03-30-2023 09:59 PM - last edited on 04-02-2023 08:36 PM by markwni
Hi, all,
I am maintaining and extending a LabVIEW app that runs on a cRIO 9067. We developed our own FPGA in LabVIEW as part of this app.
It maintains a bi-directional communication path with an HMI running on a nearby PC (also written in LabVIEW). Regular status and data messages are sent from the cRIO to the HMI on a 10-second cycle. The technology used for both directions of this pipeline is LabVIEW network streams. The messages sent from the cRIO to the HMI are short -- a few hundred bytes each.
Every few hours, the cRIO app also transmits a 15 Mb file to an FTP server. I've observed this process to take 15 seconds or so, whenever it's kicked off. For this operation, the software uses LabVIEW's built-in FTP protocol, first writing the data to a local file, and then requesting it to be sent to the server. The VI that does this operates at background priority.
My question is this: will the LabVIEW TCP/IP protocol overlap these operations? Or, is it possible that when the FTP transmission kicks off, it might disrupt the more routine message flow? What I'm seeing in a network with 4 of these instruments is the cRIO randomly losing contact with the HMI, tossing a variety of seemingly unrelated exceptions.
As it turns out, the FTP server runs on the same machine as one of the HMIs. Would that make any difference?
Thanks for your help,
Chuck
03-31-2023 02:53 AM - edited 03-31-2023 02:56 AM
Logically it should not, performance technically it of course does. My suspicion is that your cRIO<->HMI protocol is not entirely fail safe. It works under normal load but starts to get into a mess as soon as the network gets congested.
These kind of things are very common and making a TCP/IP communication channel fully reliable is not trivial. Unlike some other things, not every error returned by a TCP/IP node is a fatal error. Timeouts for instance should simply be treated as "can't do now, try again". Other errors should be generally treated as "lets disconnect and reconnect again".
For the server the last usually means to simply cut the connection and wait for a new connection. The client should cut the connection and actively try to reconnect.
This is the principal scheme, the exact implementation details can get a little messy and you need to selectively ignore certain errors after having handled them appropriately (timeout means, don't try to process the not present message but simply retry again and forget the error).
Things can get especially messy as you will have to decide if a retry is just waiting again for a message or if you rather want to resend the command.
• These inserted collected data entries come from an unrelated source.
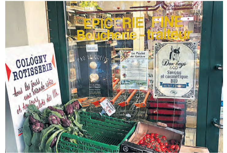
L'épicerie fine de Cologny et sa devanture colorée.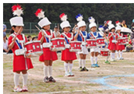
運動会・マーチング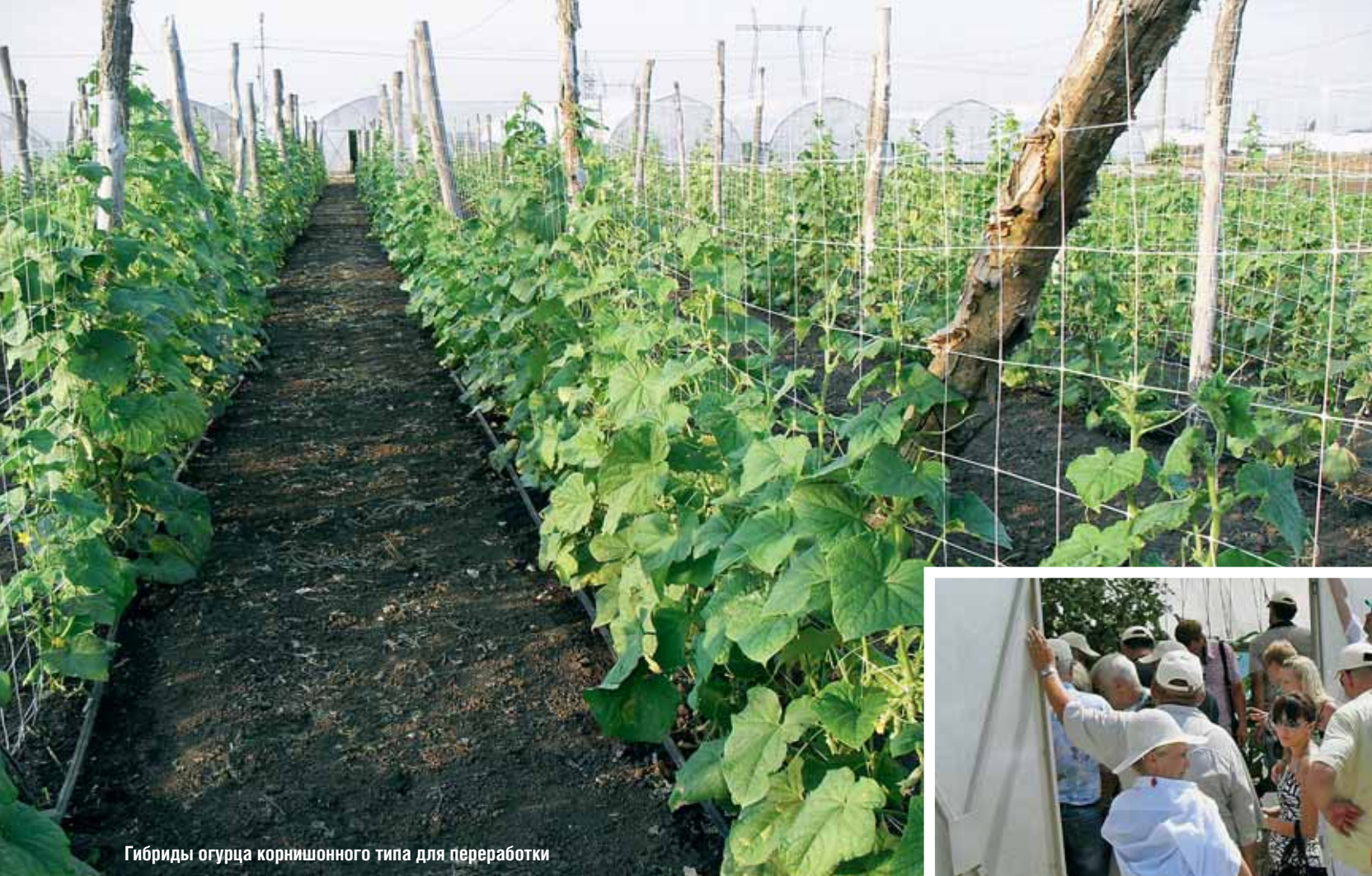
Гибриды огурца корнишонного типа для переработки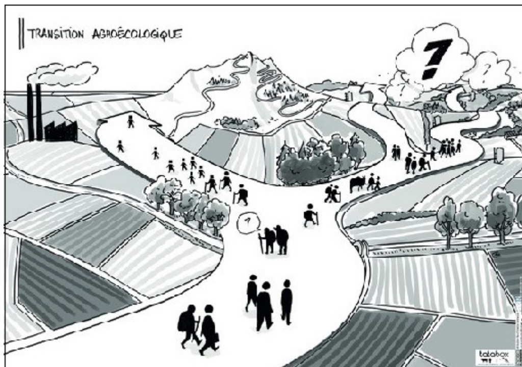
Figure 2 : Deux visions d'un système alimentaire durable

sont souvent considérés séparément dans les politiques publiques et comme incompatibles ou superflus dans les médias : « une agriculture plus propre conduirait à une diminution de la sécurité alimentaire » ; « notre agriculture est exemplaire et notre alimentation est la meilleure ». Nous terminons en montrant la nécessité de penser le changement de paradigme au niveau des territoires.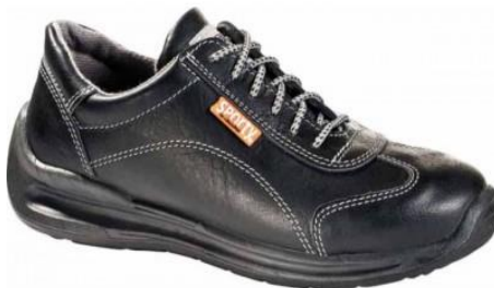
Slika 10. Niske zaštitne cipele

Prilikom rada koriste niske zaštitne radne cipele(slika 10.). Kvalitetne cipele od goveđe kože visoke su klase te izuzetno udobne za duži period nošenja. Potplat je antistatik, protu klizni te otporan na ulje i goriva. Cipele sadrže zaštitnu kapicu i neprobojan među potplat.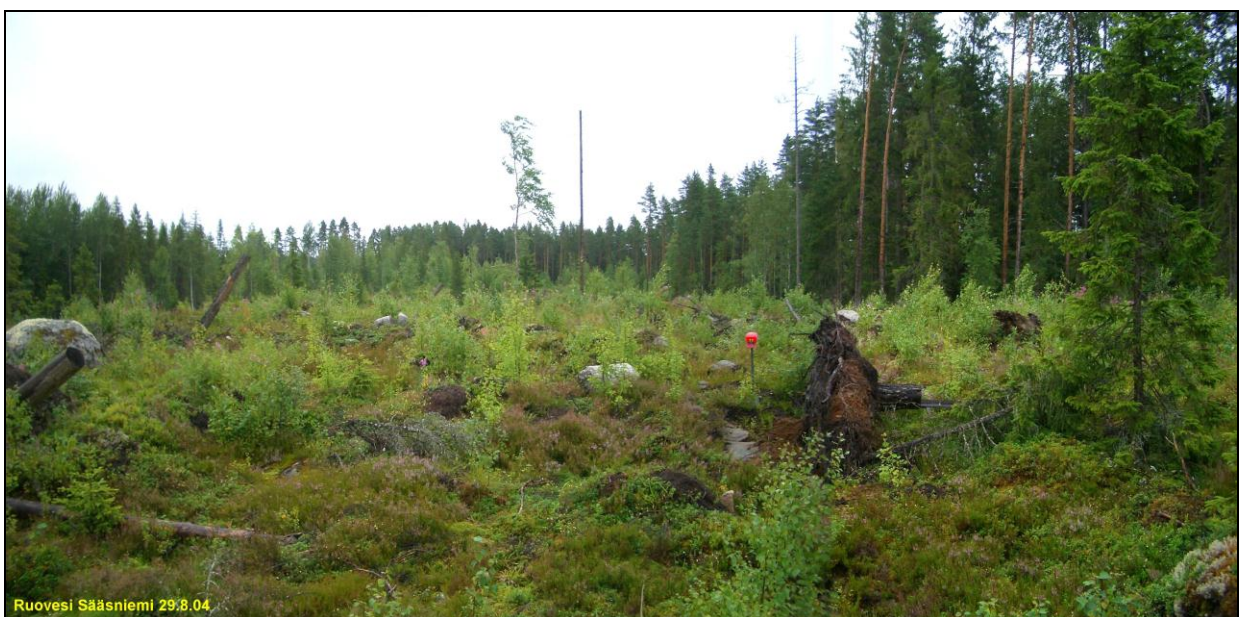
Asuinpaikkaa kuvattuna koilliseen sen lounaisreunalta törmän ääreltä. Tuulenskaato, josta enimmäkseen löydöt on kuvan keskellä oikealla (punainen hattu lapion varren päässä). Löytöjä myös aivan kuvan vas. laidalta, sekä kuvan oikean laidan ulkopuolelta.

The latter can in certain situations cause the connection to get completely out of sync if the previous command just got held up a little longer than your timeout was, so that you read on the next command the answer from the previous one. One possibility to detect this is to actually add a counter value to each command header and let the server side copy that value into each response header. If the response you read does not match the counter value you sent, it is obviously an out of order message and you should likely discard it and retry to read until you read the right response.